Why do we need two languages?

One questions that was raised by the evangelists of object databases, is why do we need two languages – one language for applications programming, and one for data manipulation. Of course, their answer to this question is that we don’t. This is also a trend that we see in object relation mapping approaches – trying to make application developers not having to relate to database languages, first and foremost SQL. Another example is Microsoft’s Linq technologies which tries to bring data manipulation features to their programming languages, C# and VB.

Why can’t database be as agile?

A question from the audience was why databases cannot be agile and support refactoring the way programming languages do. Supporters of object databases thought, big surprise, that object databases was a good enabler for being agile. Furthermore, one of the panelists also pointed out that dynamic languages are the best solution for being able to handle change. Smalltalk was given an example that enabled refactoring, together with object databases.

Where are we in 10 years?

The panelists were also challenged to share their thoughts on where databases will be in 10 years. Here are some of the answers:

  • Objects will be available for the application in memory at all times. (Bob Walker)
  • Data will be decentralized across the network (Linskey)
  • One central question is who owns the data (Russell)</li>

Object databases seems like a very interesting concept, and it has been around for 20 years. So, why are they not more widely used? According to one of the panelists, object databases scale very well because they enable dividing and distributing data across different servers. This made me very eager to try out object databases, to get a hands-on feeling about how they work. Furthermore, there is an open source object database out there, db4objects, that seems very interesting.

OOPSLA Workshop

I attended the 4th International Workshop on SOA & Web Services Best Practices workshop at OOPSLA today. The workshop brings together people with theoretical and practical background with the respect to SOA and Web Services.

Services versioning

One of the things that were discussed was the versioning of (web) services, i.e. how to handle web service upgrades and discontinuance. What we found, with good help from Nico Josuttis who attended the workshop, can be summarized into these three points:

  • Each modified service is a new service
  • Each modified data type is a new data type
  • Don’t use service types in your application

Basically, this gives how you should handle creating new versions of a service while providing older versions of the service to “old” client.
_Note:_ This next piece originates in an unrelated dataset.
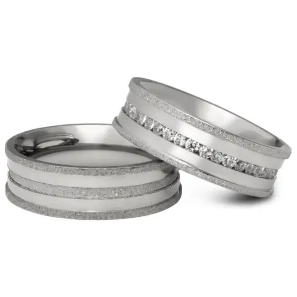 Descrição: Aliança de compromisso ou namoro, exclusiva, produzida em aço inox. A aliança masculina tem acabamento reto, polido, diamantada nas bordas em relevo e no friso central. Na feminina, se mantém as bordas diamantadas e substitui-se o friso por um trilho com pedras de zircônia cravadas no centro. Excelente durabilidade. Este material não oxida com o tempo como a prata, não demanda manutenção e é altamente resistente a riscos.
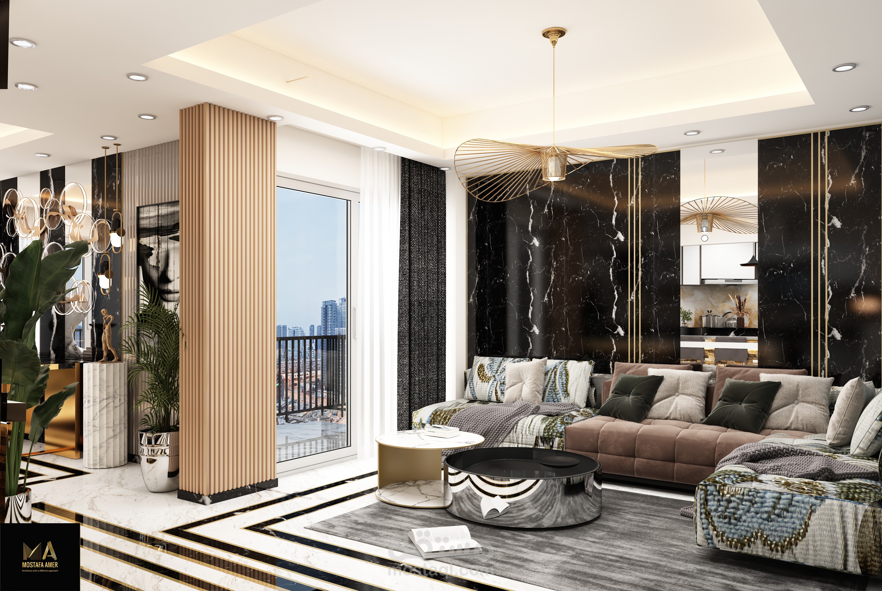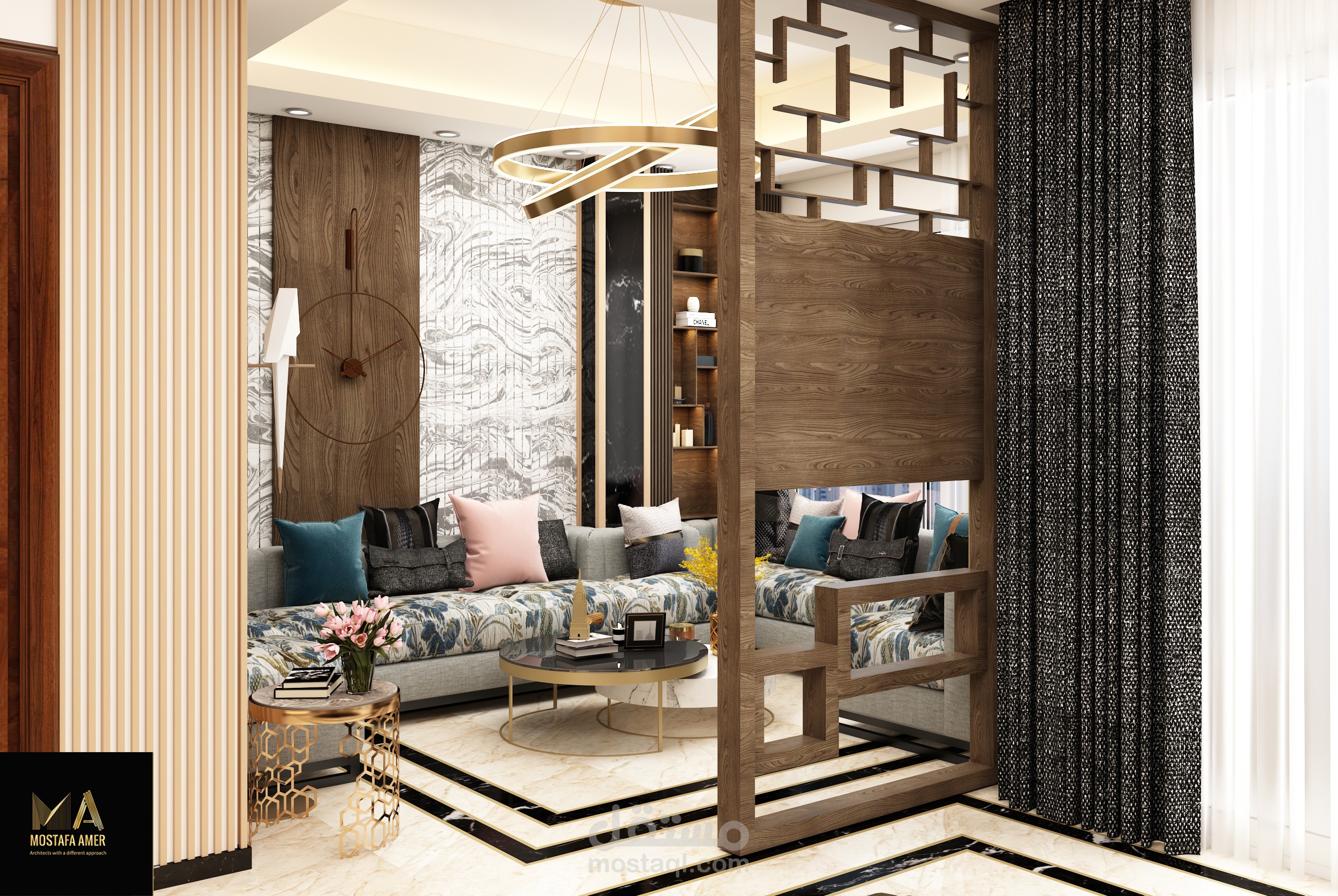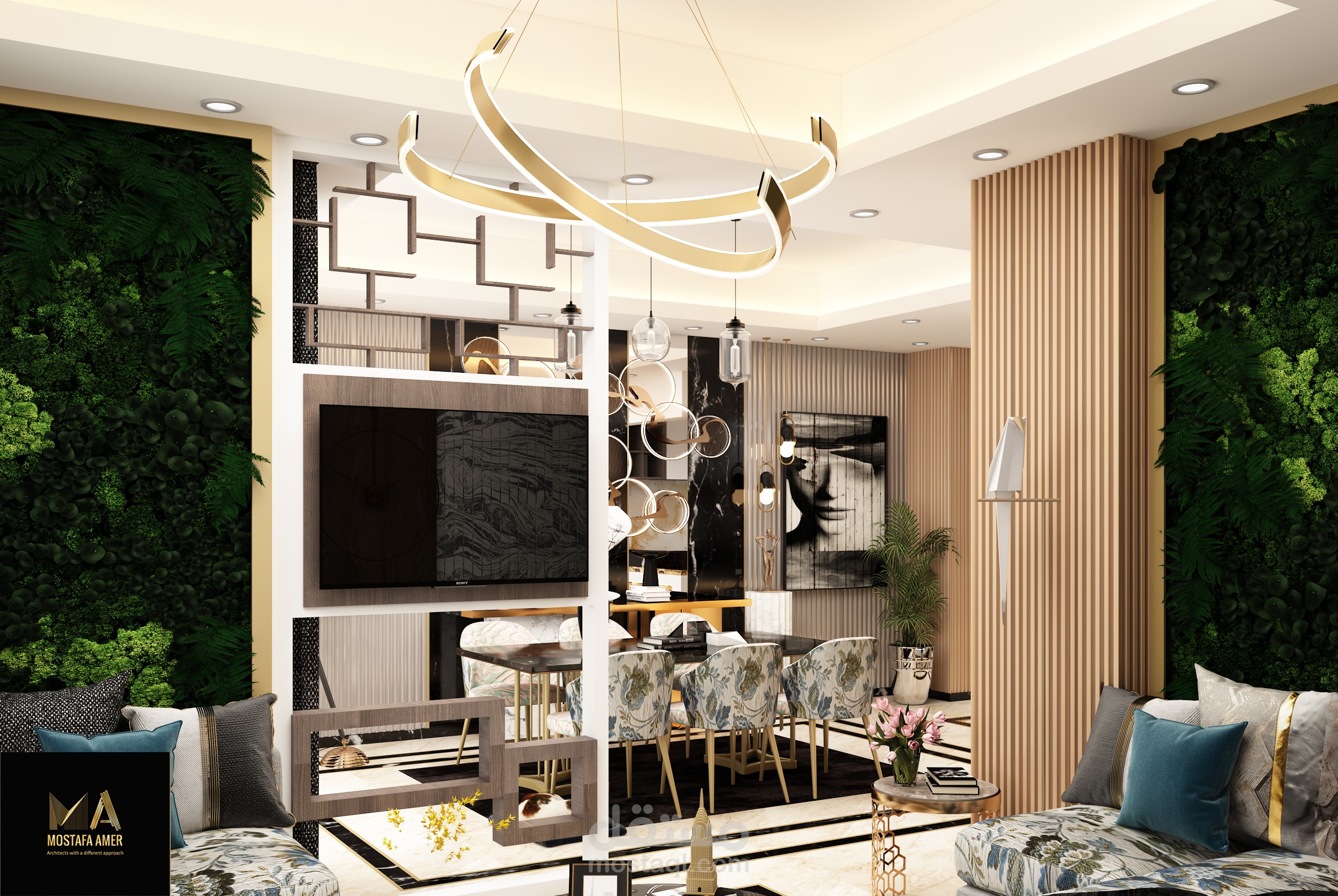 صاله معيشه مقسمه الى 3 قطع صالون وليفنج وسفره وبها مطبخ امريكان

The thing is that when you create a new version of the service, that’s a new service that gets deployed aside the old service that clients that are aware of the new version can connect to. Old clients can still, at least for a certain period, connect to the old version. The same goes for data types, typically defined using XML Schema Definitions.
I think that versioning is a very important architectural decision that you need to make when you create services in a large organization, or between organizations, where services and clients have different owners, funding, and life-cycles.
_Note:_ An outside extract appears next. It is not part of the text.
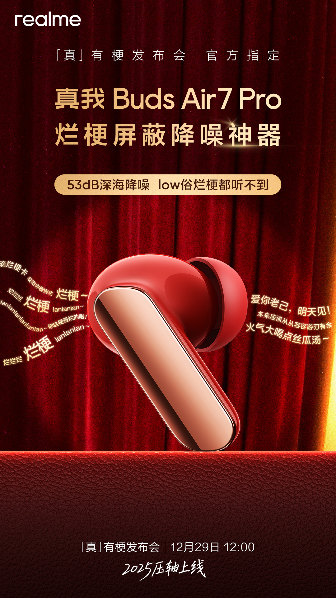 «Шокирующе! Уровень юмора на презентации продукта "Really Funny" превзойдёт все ожидания?! Целых 17 аплодисментов – уровень смеха просто зашкаливает! На этот раз Realme наконец-то представит свои 17 и Pro Max!». На одном из постеров изображены наушники Realme Buds Air 7 Pro, которые могут получить новогоднее специздание или что-то в этом духе.
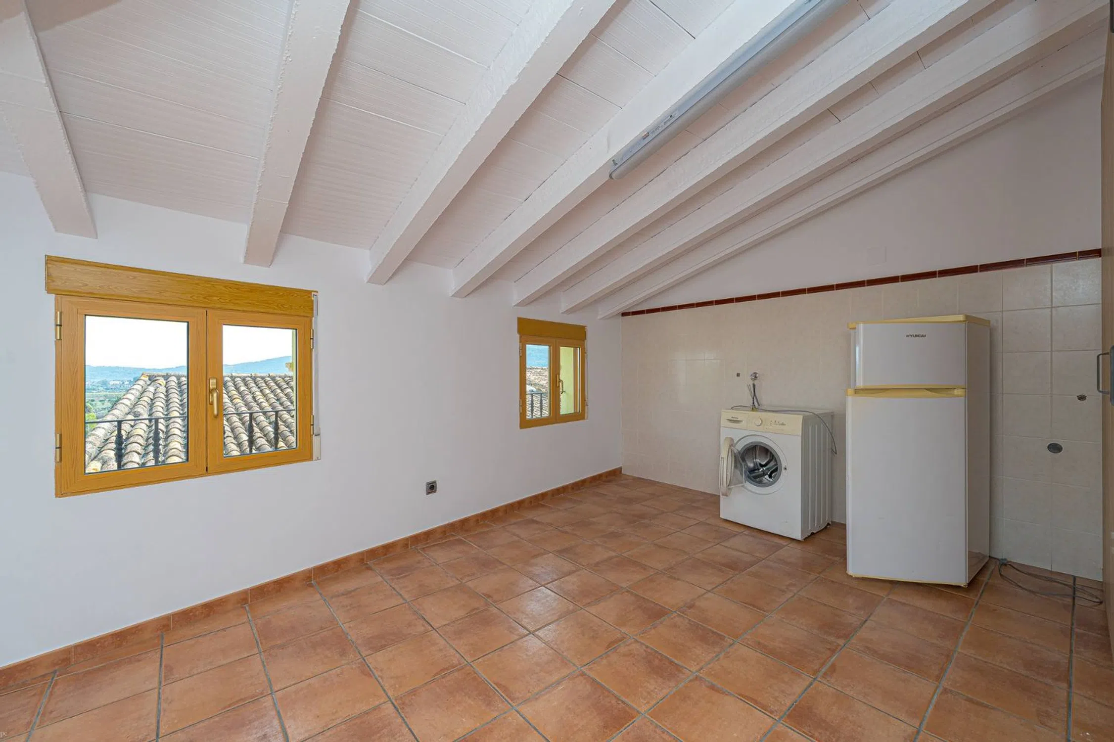 Hermosa casa adosada en alquiler con opción a compra. Situada en el mismo corazón de Alcalalí, a solo unos pasos de la encantadora plaza, la iglesia histórica, la farmacia local y las panaderías tradicionales, esta casa adosada de tres plantas bellamente renovada, con un garaje privado, ofrece una combinación perfecta de comodidad moderna, estilo español tradicional y espectaculares vistas a la montaña. Diseñada pensando en la luz, el espacio y la funcionalidad, es un hogar ideal para quienes buscan autenticidad y calidad en uno de los pueblos más pintorescos de la Marina Alta. El exterior conserva su encanto auténtico y rústico, con tonos cálidos de piedra y un carácter mediterráneo clásico. La planta baja le da la bienvenida con una amplia sala de estar con elegantes suelos de porcelánico gris, grandes ventanas con marcos de madera natural y balcones franceses que llenan el espacio de luz solar. El diseño abierto incluye calefacción por radiadores y aire acondicionado en todas las estancias para garantizar una temperatura ideal durante todo el año. Una cocina moderna totalmente equipada muestra azulejos andaluces en tonos de azul y amarillo, elegantes armarios blancos y electrodomésticos de acero inoxidable. En este nivel también encontrará un baño elegante con una moderna ducha a ras de suelo. La primera planta alberga la zona principal de descanso, con dos dormitorios cómodos que ofrecen amplios armarios empotrados, acabados modernos y acceso al exterior a través de balcones franceses con vistas a las tranquilas calles de Alcalalí. Uno de los dormitorios incluye un baño en suite bellamente diseñado, mientras que un segundo baño renovado con gusto, con una espaciosa ducha a ras de suelo decorada con elegantes azulejos verdes. La última planta es donde la vivienda realmente brilla, un espacio abierto de estilo rústico con vigas blancas vistas, suelos de terracota y una acogedora segunda cocina equipada con placa de inducción. Esta encantadora zona se abre directamente a una gran terraza privada con impresionantes vistas panorámicas de los tejados del pueblo, las montañas circundantes y las palmeras del horizonte. Es el lugar perfecto para comer al aire libre, relajarse o simplemente disfrutar del ambiente sereno de Alcalalí. A solo un corto paseo de los cafés, restaurantes y la plaza central, esta casa captura la esencia de la vida auténtica de pueblo mientras ofrece todas las comodidades de una renovación moderna. Luminosa, elegante y lista para entrar a vivir, representa una oportunidad única para experimentar la verdadera vida mediterránea en uno de los pueblos históricos más encantadores de Alicante.

Automated robustness testing

One of the interesting papers submitted to the workshop presented an approach for generated robustness tests for web services from the WSDL of the web service. Basically, the approach was that the WSDL was used to generate tests that could be run using a unit testin tool such as JUnit, and using a tool like JCrasher to generate different kinds of inputs to the web service in order to test that the service is able to handle these. I think this is a good idea that has a lot of potential in automatically assessing the robustness of the service.

Selenium with support for cookie-management

I blogged earlier about using Selenium for security testing. One of the shortcomings that I pointed out, was that session handling (i.e. cookie handling) was needed. I went ahead and created extensions for this. As of version 0.8.0, Selenium now supports this out of the box. This means that Selenium now is able to test scenarios such as logging in and logging out from web applications, in additional to other cookie-based functionality. Great!